Collected material:
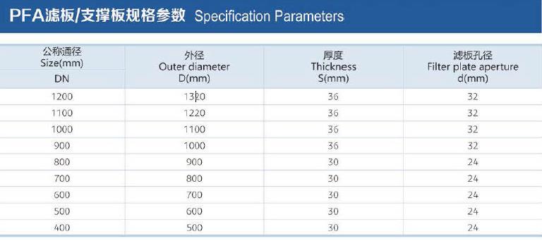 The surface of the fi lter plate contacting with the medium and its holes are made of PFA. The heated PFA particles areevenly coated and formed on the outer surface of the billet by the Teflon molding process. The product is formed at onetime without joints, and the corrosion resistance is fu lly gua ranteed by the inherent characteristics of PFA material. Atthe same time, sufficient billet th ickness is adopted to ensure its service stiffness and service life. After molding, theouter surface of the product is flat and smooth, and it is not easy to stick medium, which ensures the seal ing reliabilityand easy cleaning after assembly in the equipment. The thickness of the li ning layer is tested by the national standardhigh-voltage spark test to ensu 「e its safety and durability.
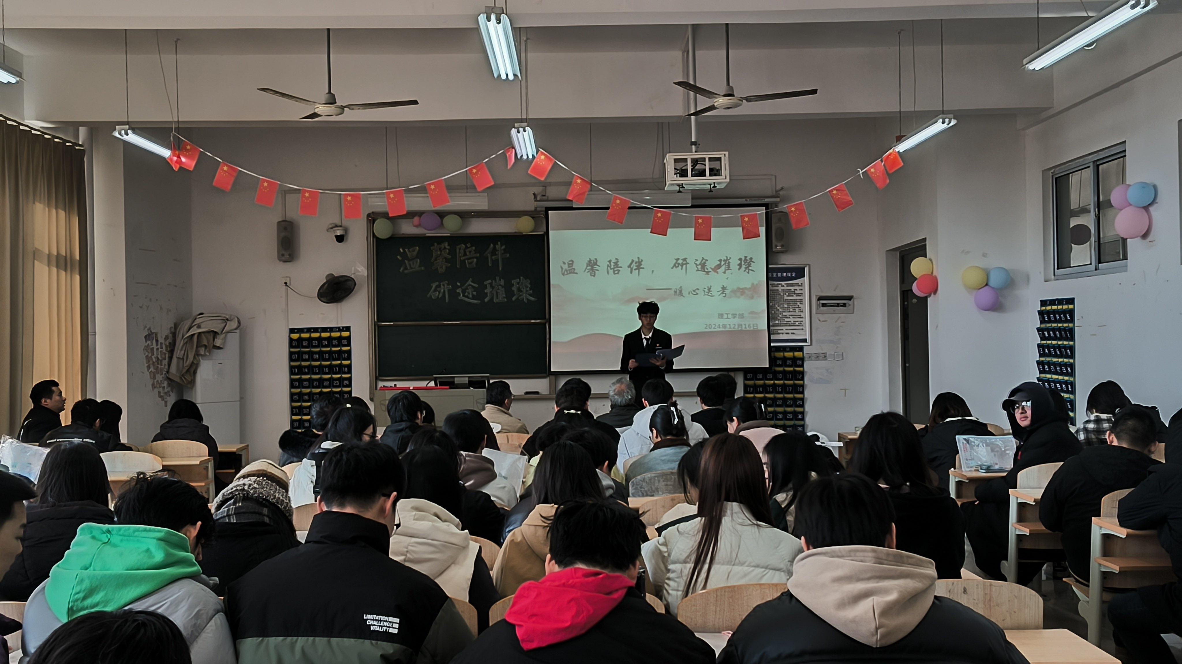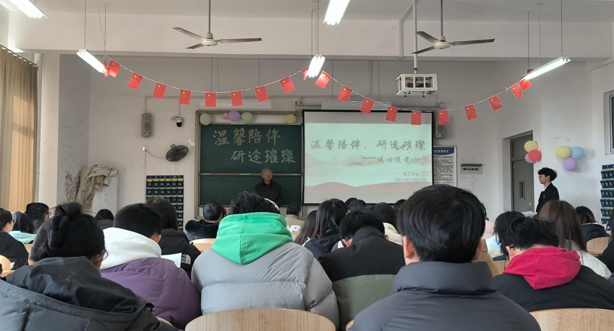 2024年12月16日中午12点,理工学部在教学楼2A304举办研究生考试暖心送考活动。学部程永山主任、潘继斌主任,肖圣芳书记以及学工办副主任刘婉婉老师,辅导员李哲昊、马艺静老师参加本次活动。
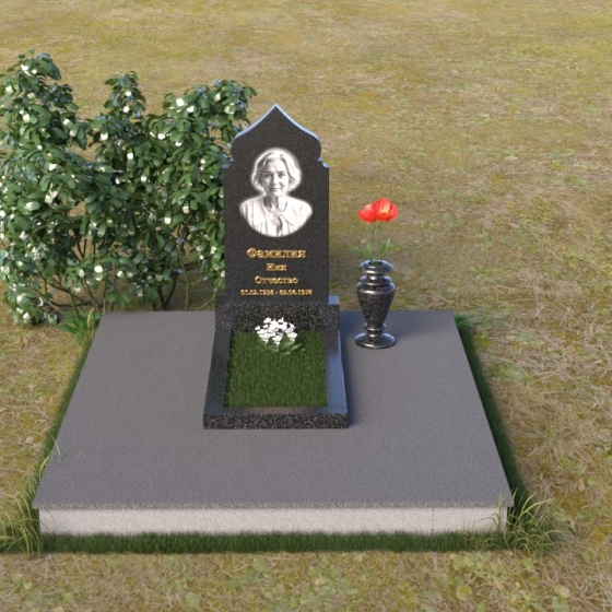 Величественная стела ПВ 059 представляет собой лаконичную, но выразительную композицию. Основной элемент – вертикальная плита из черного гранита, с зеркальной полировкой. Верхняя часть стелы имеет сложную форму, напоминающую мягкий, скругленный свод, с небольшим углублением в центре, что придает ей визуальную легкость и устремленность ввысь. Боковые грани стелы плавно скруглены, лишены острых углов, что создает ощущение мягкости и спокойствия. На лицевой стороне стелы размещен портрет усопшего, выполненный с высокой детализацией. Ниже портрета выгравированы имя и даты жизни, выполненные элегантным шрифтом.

Exercise description:
Print the data above exactly, from its first line to the line bearing "2024年12月16日中午1" inclusive, and keep pictures out of the result.

Written answer:
 The surface of the fi lter plate contacting with the medium and its holes are made of PFA. The heated PFA particles areevenly coated and formed on the outer surface of the billet by the Teflon molding process. The product is formed at onetime without joints, and the corrosion resistance is fu lly gua ranteed by the inherent characteristics of PFA material. Atthe same time, sufficient billet th ickness is adopted to ensure its service stiffness and service life. After molding, theouter surface of the product is flat and smooth, and it is not easy to stick medium, which ensures the seal ing reliabilityand easy cleaning after assembly in the equipment. The thickness of the li ning layer is tested by the national standardhigh-voltage spark test to ensu 「e its safety and durability.
 2024年12月16日中午12点,理工学部在教学楼2A304举办研究生考试暖心送考活动。学部程永山主任、潘继斌主任,肖圣芳书记以及学工办副主任刘婉婉老师,辅导员李哲昊、马艺静老师参加本次活动。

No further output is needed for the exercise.